His artwork has been exhibited in national and international group shows, including Trisha Brown Dance Company Benefit Art Sale at Paula Cooper Gallery (1990) and Abstraction in Process at Artists Space (1987).
Text by Roberta Smith, from the essay Abstraction in Process, which accompanied the exhibition at Artists Space, NYC, 1987:
LaRico fabricates abstract paintings with materials that hail primarily from the building trades; using wood for his rectilinear or eccentrically-shaped supports, he proceeds to “decorate” these shapes with paint, with additional shapes cut from wood or assembled from sundry two-by-fours, solid or hollow dowels or irregular scraps, as well as pieces of colorful linoleum and wallpaper.

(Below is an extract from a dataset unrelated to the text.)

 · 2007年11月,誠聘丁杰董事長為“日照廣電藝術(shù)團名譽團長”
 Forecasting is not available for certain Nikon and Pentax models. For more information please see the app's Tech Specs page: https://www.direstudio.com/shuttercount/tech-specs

The results strike one less as paintings than as strange intractable models for paintings. One gets the feeling that simply drawing or painting is not sufficiently physical for LaRico. He seems to want nearly every mark to be a real thing, with the coarseness of his materials demanding an equally scaled-up and energetic use of paint, and with much of the actual marking being done with pieces of wood, a drill or a routing tool. (Penny’s Stones is a good example of such mixed techniques.)
LaRico’s materials and his bluntly awkward, almost amateurish uses of them, give his work an aggressive banality and a grating dissonance. His constructions spurn standards of good taste, of fine art materials and balanced compositions. Yet they also demand to be seen in a largely immaterial, optical manner, leaving it up to the viewer to reconcile these differences.

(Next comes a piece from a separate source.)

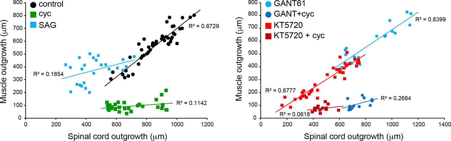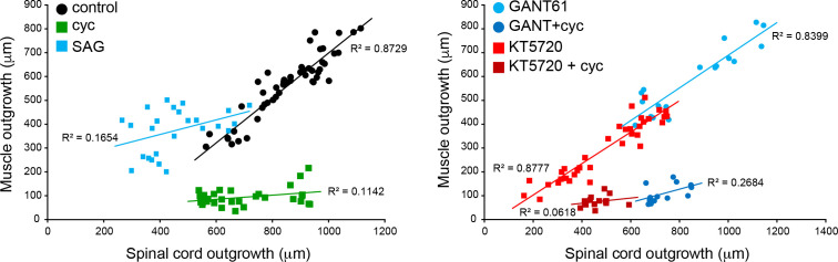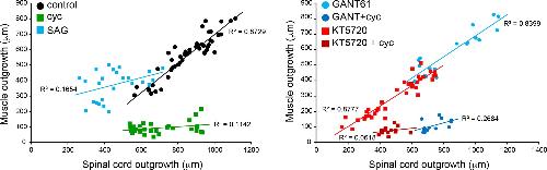 Figure 8 Coordination of spinal cord and muscle outgrowth in the regenerating tail is dependent on Smoothened (Smo) signaling. Individual samples for each treatment are displayed by total outgrowth for spinal cord (X) and muscle (Y). Simple linear regression lines are fit for each treatment, and R2 goodness-of-fit values displayed by each line. N = 13–39 samples per group. |

Certain parts of LaRico’s reliefs announce themselves as excessively robust. Such is the case with the central ovoid shape in Pawnbroker which is shaped from a series of butting two-by-four beams. This element, the solar plexus of the relief, seems to exist as a kind of anchor for, and challenge to, the rest of the work; everything else must (and does) match its heavy-handed materiality with something different—a kind of high-spirited decorative energy brought on by bright colors and animated dotting. (Although this too is quite physical, being accomplished with little circles of linoleum and painted chips of wood. It’s just that these elements begin to look “normal” in relationship to the two-by-fours.) A similar strategy seems to be at work in Prova, where four flipper-like flanges balance a wood mid-section so heavy that boats and roof beams come to mind, and give the assembled whole a buoyant, fish-like leap.

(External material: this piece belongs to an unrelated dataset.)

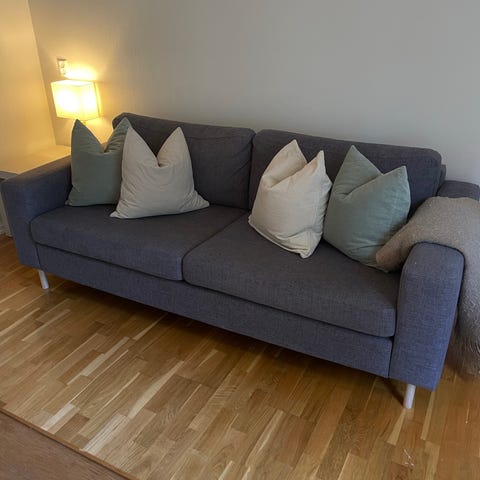 Blågrå sofapuff fra Bolia 90x90x H35

In a series of more recent works, LaRico has returned to a rectilinear format, presenting radically different treatments of the same biomorphic central shape. In Goa IV, for example, his use of paint and rich dark colors gives the work a softened, suffused feeling; the shifts in materials are nearly camouflaged. In Goa V, however, these shifts are exacerbated: nearly every element of the composition is physically and coloristically discrete, even estranged from the rest. The composition is dominated by a rather jarring configuration made of two-by-fours placed on edge, plus three smallish hemispheres made of garish green foam. Also present are pink dots made of painted wood, two protruding dowels and a couple of overlapping pieces of wallpaper. This piece exemplifies most clearly LaRico’s desire to nudge our conceptions of good taste via an abstraction that is corrupted by the vernacular of everyday materials; we seem to be looking at a model of a golf course.